Erythroleukemia - a subtype of myelodysplastic syndrome?.
- Author:
Yi NIU
1
;
Shu-Chang CHEN
;
Bin JIANG
;
De-Gao LI
;
Chang-Wen GE
;
Rong-Sheng LI
Author Information
1. Department of Oncology, Peking Union Hospital, Chinese Academy of Medical Sciences and Peking Union Medical College, Beijing 100730, China.
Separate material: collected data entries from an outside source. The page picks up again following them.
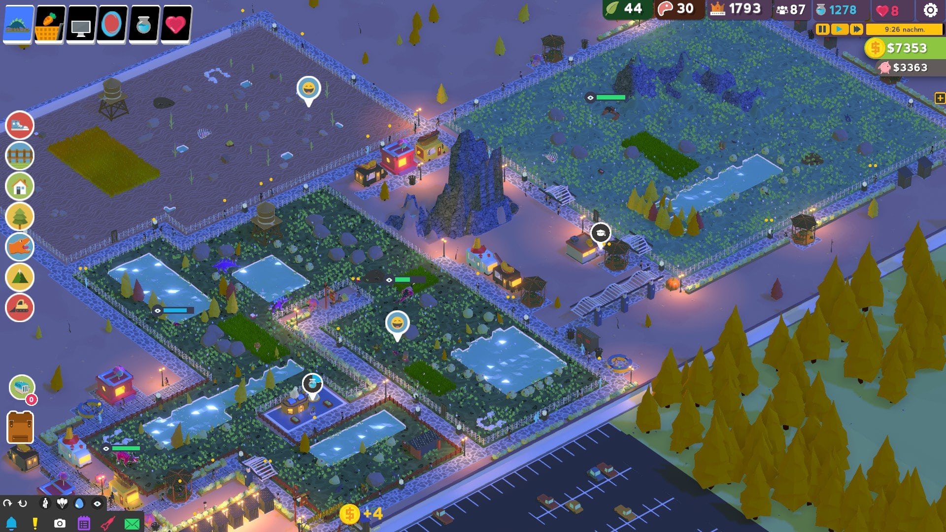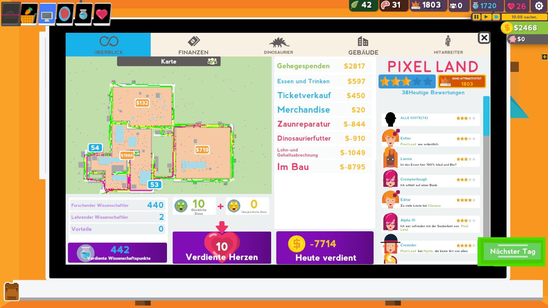 Besonders liebevoll gestaltet ist das jeweilige Ende eines Park Tages. Wir bekommen eine detaillierte Auflistung, wo welche Besucher am meisten waren, für was Geld ausgegeben wurde und wir können Parkbewertungen auf Social Media von den Besuchern lesen. Mitunter sind hier sehr absurde aber auch komische Bewertungen bei, für einen kleinen Lacher sind sie definitiv gut. Ansprechend fand ich auch den Ego-Perspektiven Modus, hier können wir selbst den Park besichtigen und notfalls mit einem Betäubungsgewehr unsere Dinos in das Reich der Träume schicken. Dies ist nötig, wenn sie umgesiedelt werden sollen oder Krank sind. Hat Parkasaurus auf den ersten Blick einfach und simpel gewirkt, entpuppt es sich nach längerer Spielzeit schon ein wenig komplexer. Grafisch passt die leichte Comic-Voxel Optik wunderbar zum Setting ebenso die entspannende Musik fügt sich wunderbar ein. Ein absolutes Highlight ist jedoch die Geräuschkulisse, welche von den Dinosauriern ausgeht. Positiv sei noch anzumerken, dass eine deutsche Übersetzung ebenso mit dabei ist, ein paar Sätze sind leicht fehlerhaft, jedoch gut zu verstehen.![]()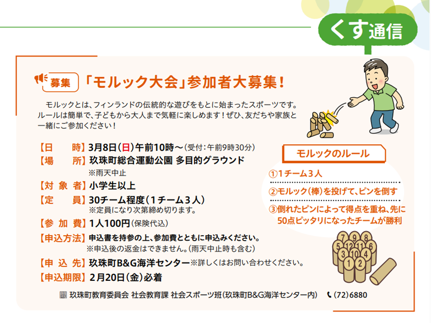 モルックとは、フィンランドの伝統的な遊びをもとに始まったスポーツです。ルールは簡単で、子どもから大人まで楽しめます!ぜひ、お友だちや家族と一緒にご参加ください!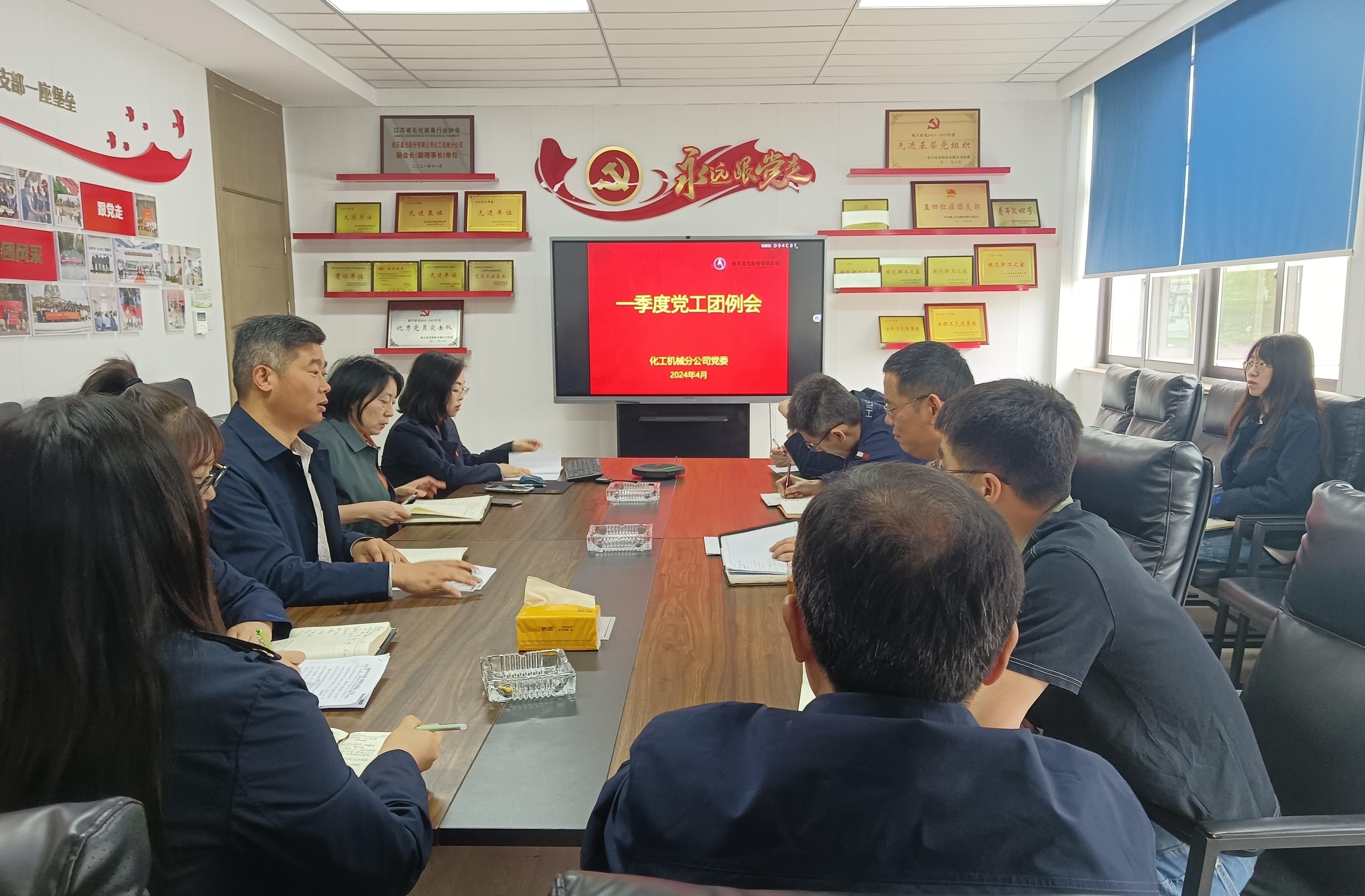 為深入實施“固本”工程,持續抓好基層黨支部標準化規范化建設,充分發揮黨建帶工建、促團建作用,近日,化機分公司黨委召開2024年一季度黨工團例會。分公司所屬三個黨支部全體委員,團支部、工會及黨委辦公室相關負責人參加會議。會議由分公司黨委書記儲志軍主持。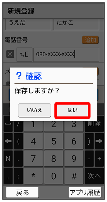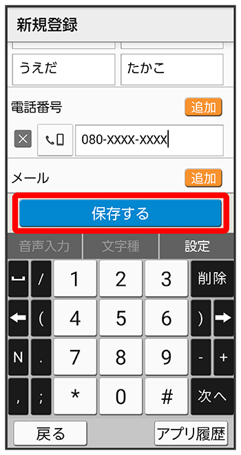 連絡先が登録されます。
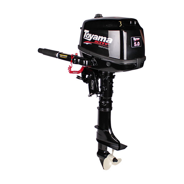 Toyama F5 BMS — это четырехтактный подвесной мотор мощностью 5 л.с. В отличие от двухтактных моделей, данный двигатель имеет газораспределительный механизм с клапанами и систему смазки с картером (масло заливается отдельно от бензина).

- Publication Type:Journal Article
- MeSH:
Adult;
Aged;
Bone Marrow Examination;
Diagnosis, Differential;
Female;
Humans;
Leukemia, Erythroblastic, Acute;
blood;
diagnosis;
Male;
Middle Aged;
Myelodysplastic Syndromes;
classification;
diagnosis;
Retrospective Studies
- From:
Journal of Experimental Hematology
2007;15(2):219-223
- CountryChina
- Language:Chinese
-
Abstract:
In order to study whether erythroleukemia was really a subtype of acute leukemia, the clinical laboratory characteristics and development of disease in 21 cases of erythroleukemia were analyzed. The results indicated that the percentage of patients with leucocytopenia, anemia and thrombocytopenia were 42.9%, 81% and 81% respectively at the time of diagnosis. These were 85.7% of patients with myelocytes and premonocyte, 52.4% of patients with erythroblast in their blood smear respectively. All of the bone marrow showed active or significantly active proliferation. The median percentage of erythro-lineage, myeloblast of NEC and displasia were (58.3 +/- 8.0)%, (58.0 +/- 18.4)% and 66.7% respectively, that is different from typical AML. 52.4% of M(6) patients transferred to RAEB/RAEB-T and AML-M(2) subtype in the disease progression. 11/19 cases (57.4%) achieved remission (CR 10; PR 1) after chemotherapy. The median remission length were 6 months for CR patients and 2 months for PR patients, but most of CR patients displayed obvious displasia of bone marrow and cytopenia of blood in the period of CR. The median survival length of M(6) and MDS-->M(6) from time of diagnosis were 13.0 +/- 13.2 and 2.3 +/- 1.3 months respectively. It is concluded that there are differences between M(6) and typical AML. Most of M(6) patients would rather be classified MDS RAEB and RAEB-t with over-hyperplasia of erythron lineage than a subtype of AML.